### Task prompt
Go through the listing below and write out exactly the lines from the one that mentions "据东风本田销售人员介绍,目前思域优惠优惠有所提升,CIVIC EXi 1.8" through the one that mentions "人們跳著廣場(chǎng)舞,練太極劍。", minus the pictures.

### Data under study
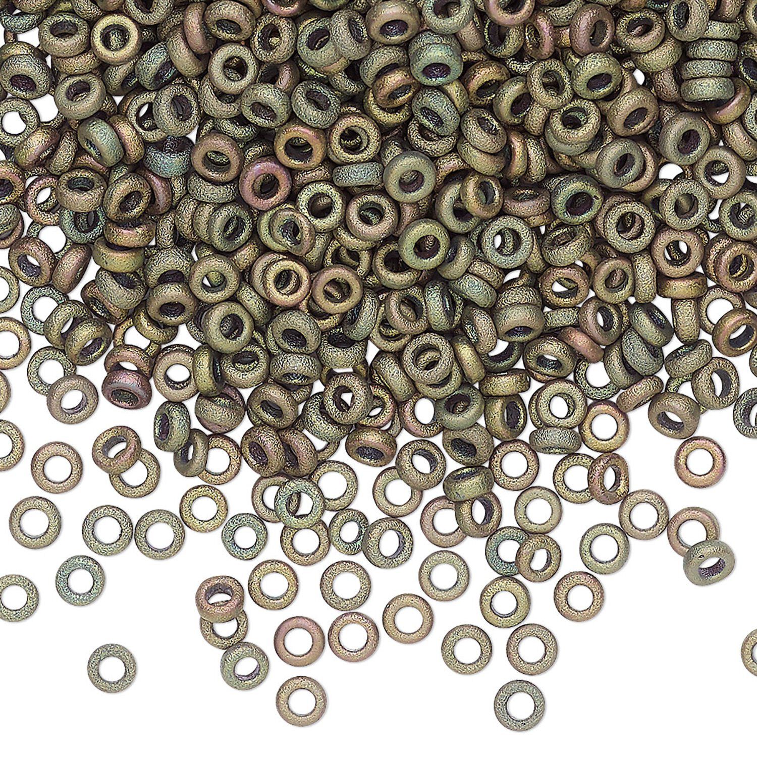 Seed bead, Miyuki, glass, pkg/50g, 3x1.3mm spacer rondelle, opaque iris khaki, (SPR3-2035).
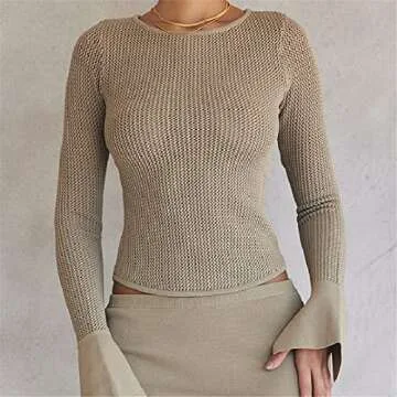 Women Hollow Out Knit Casual T-Shirts Solid Ribbed Slim Fit Pullovers Tops Streetwear
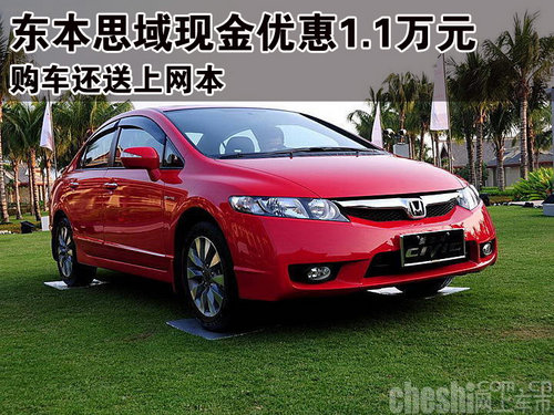 据东风本田销售人员介绍,目前思域优惠优惠有所提升,CIVIC EXi 1.8 MT舒适版可现金优惠1.1万元,购车还送上网本、车模等等,累计价值7300元,有意者可到店详谈,价格还有下探空间。
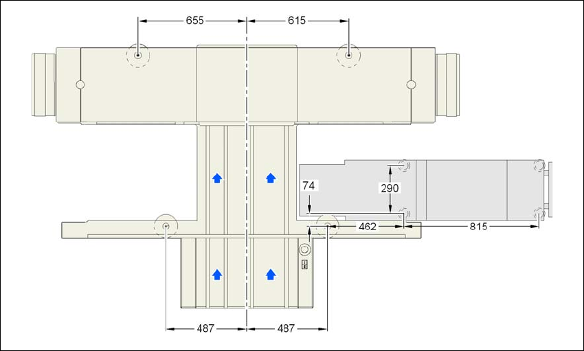 Fig. 4.3 - 4 Machine foot clearances and the stationary right and left conveyor edge for the PCB dual conveyor in mil-
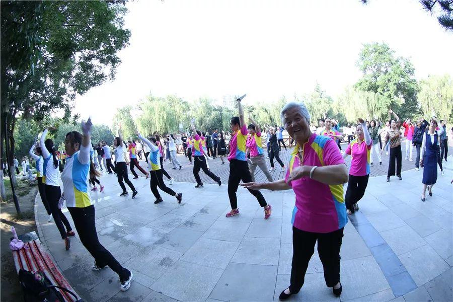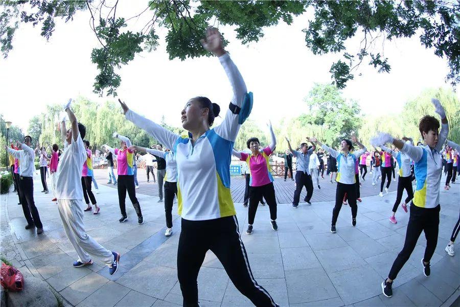 人們跳著廣場(chǎng)舞,練太極劍。
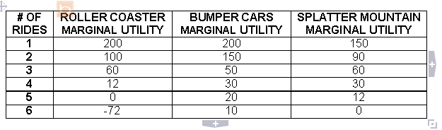 Jackson has $20, which he plans to allocate among three rides at the amusement park. Each ride on the Roller Coaster costs $4.00, on the Bumper Cars, $2.00, and on Splatter Mountain, $6.00. The Table below shows Jackson’s utility schedule for the three rides
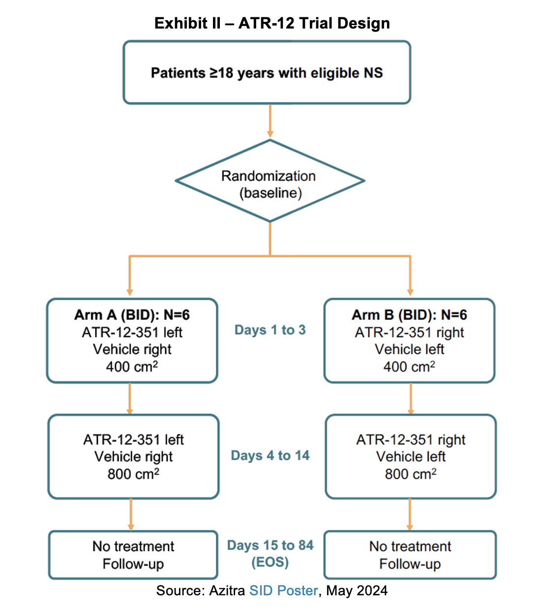 The study will apply ATR-12 to lesions on one side of a subject’s body and apply the vehicle to the other. Application of ATR-12 and the vehicle will be performed twice daily for two weeks. Patients will be randomized to receive ATR-12 on either the right or left side. Initially, the FDA required that patients be dosed one at a time and sequentially to provide an initial safety profile before allowing parallel enrollment. Azitra has since crossed this hurdle and had enrolled six patients as of mid-June 2025, achieving 50% of target enrollment. Two sites are active. One at Yale University and the other at Stanford in Northern California. The study requires that the young patients stay at the location for two weeks for treatment.
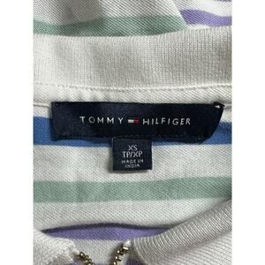 Tommy Hilfiger Top Womens XS White Stripe Polo 1/4 Zip Cotton Crest Logo Preppy
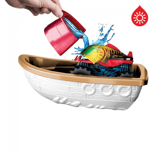 Демонструйте приголомшливі трюки з ігровим набором "Атака крокодила" серії "Зміни колір" Hot Wheels® Monster Trucks, з яким на вас чекає сплеск неймовірних емоцій і хвиля кольорових несподіванок! Запустіть машинку "Пірань-ахх" серії "Зміни колір", і спостерігайте, як вона впаде в пащу крокодила, повну крижаної води, і набуде іншого забарвлення, змінившися до невпізнання. Запустіть машинку ще раз, і коли вона проб’є знак і впаде в човен, де її можна полити теплою водою, її забарвлення зміниться знову! Повторюйте цей трюк знов і знов для нескінченних перевтілень! Знімний резервуар на носі човна й чаша в пащі крокодила запобігають проливанню води, завдяки чому вона не потрапляє за межі ігрової зони. Кольори й зовнішній вигляд можуть відрізнятися.
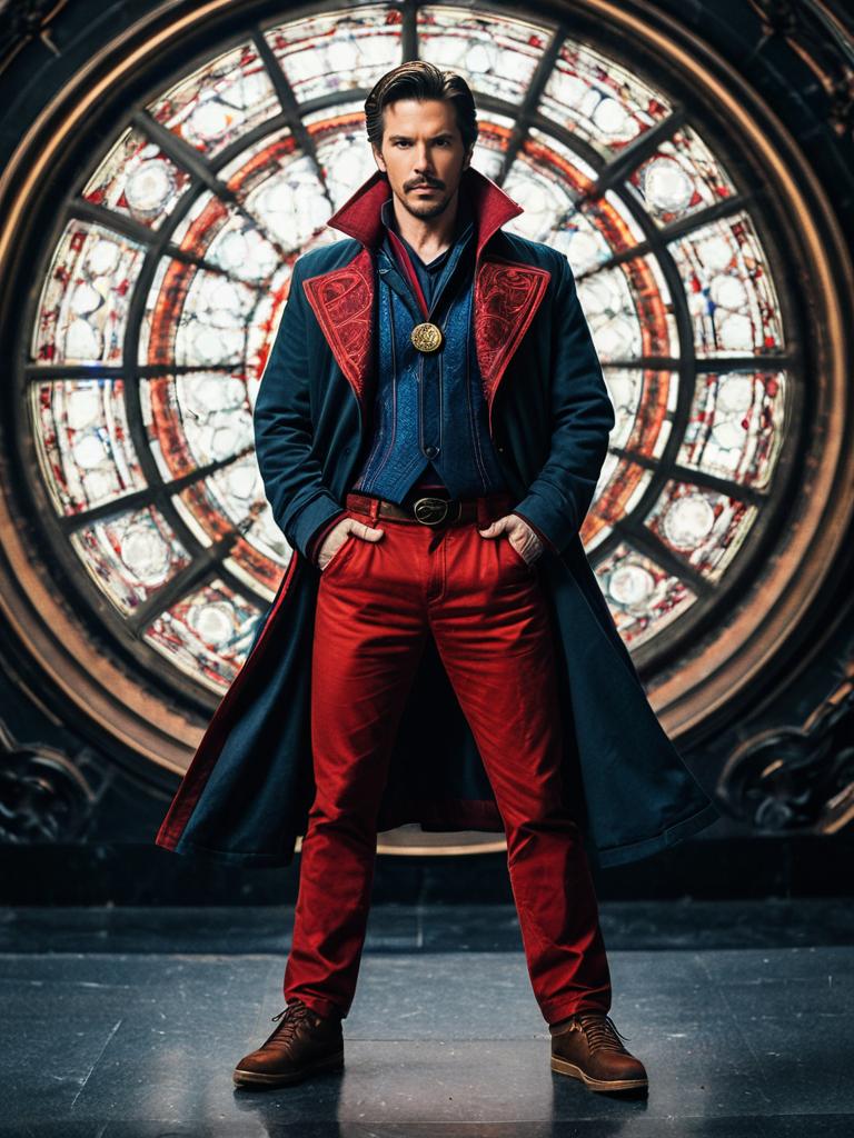 A man wearing a detailed costume inspired by Doctor Strange from the Multiverse, featuring a long dark coat with red lining, red pants, a blue shirt, and a mystical pendant. He has brown hair, a mustache, and a goatee. He stands confidently with hands in pockets in front of a large circular stained glass window with intricate red, white, and gray patterns. The setting has a dark, dramatic atmosphere.
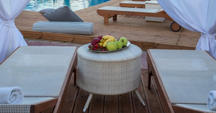 Cele mai spatioase sunt Suitele care sunt la nivelul gradinei. Fiecare Suita are jacuzzi, un pat dublu king size, o canapea dubla si o canapea extensibile de o persoana. Acestea au un balcon mare si o chicineta bine echipata, baie de servici si baie cu dus.
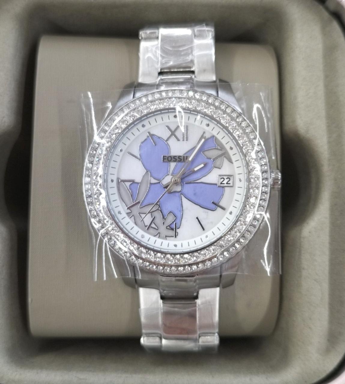 サテン仕上げのマルチカラーダイヤルに、ステンレススチールブレスレットの組み合わせ |
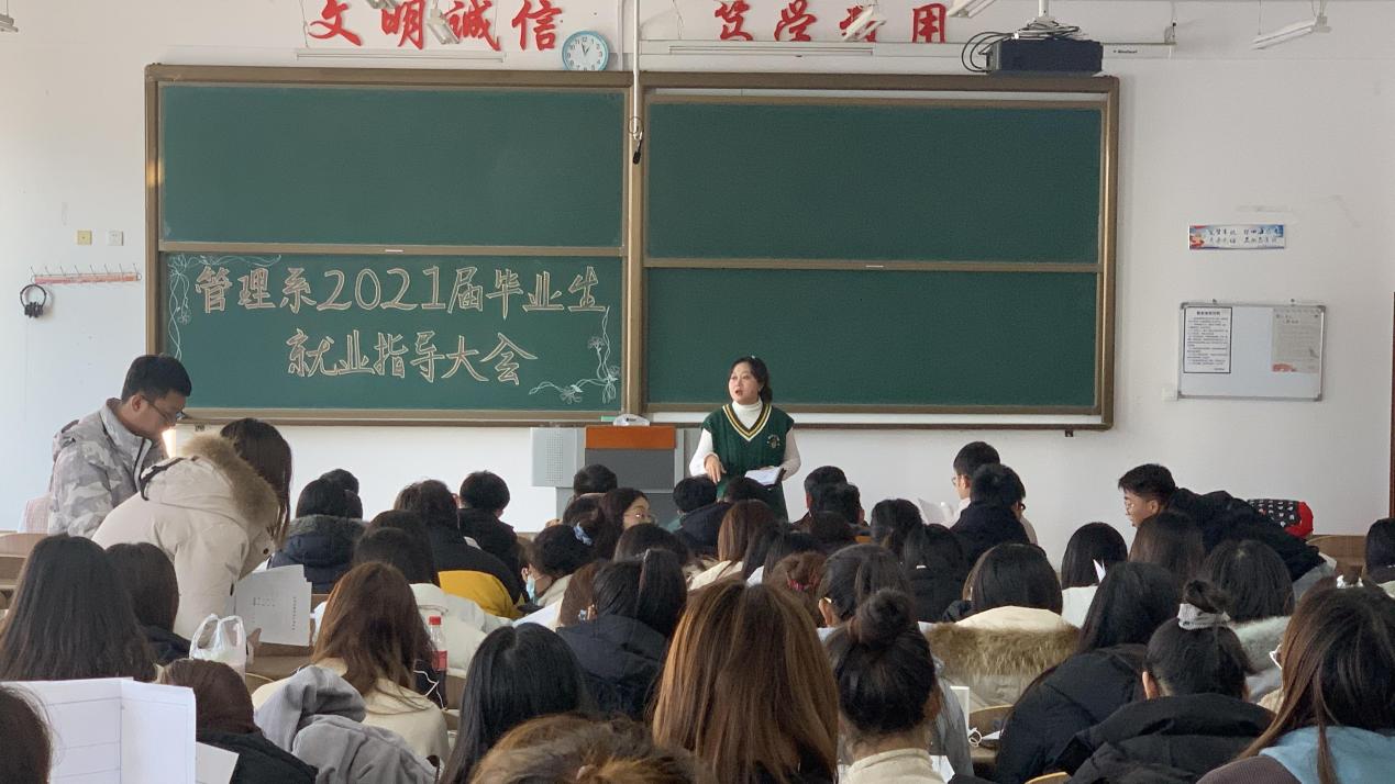 在疫情常态化背景下,为进一步做好2021届毕业生就业指导与服务工作,2020年10月26日,管理系17级毕业生就业动员暨就业指导大会在综合楼223教室举行。管理系毕业班辅导员宋春晓、赵玉莹老师分别召开年级会议,讲解就业形势、就业协议签署、实习、户籍、改派等问题,帮助毕业生提升理念,增强就业竞争力,管理系2021届全体毕业生参会。

### Written solution
 据东风本田销售人员介绍,目前思域优惠优惠有所提升,CIVIC EXi 1.8 MT舒适版可现金优惠1.1万元,购车还送上网本、车模等等,累计价值7300元,有意者可到店详谈,价格还有下探空间。
 Fig. 4.3 - 4 Machine foot clearances and the stationary right and left conveyor edge for the PCB dual conveyor in mil-
 人們跳著廣場(chǎng)舞,練太極劍。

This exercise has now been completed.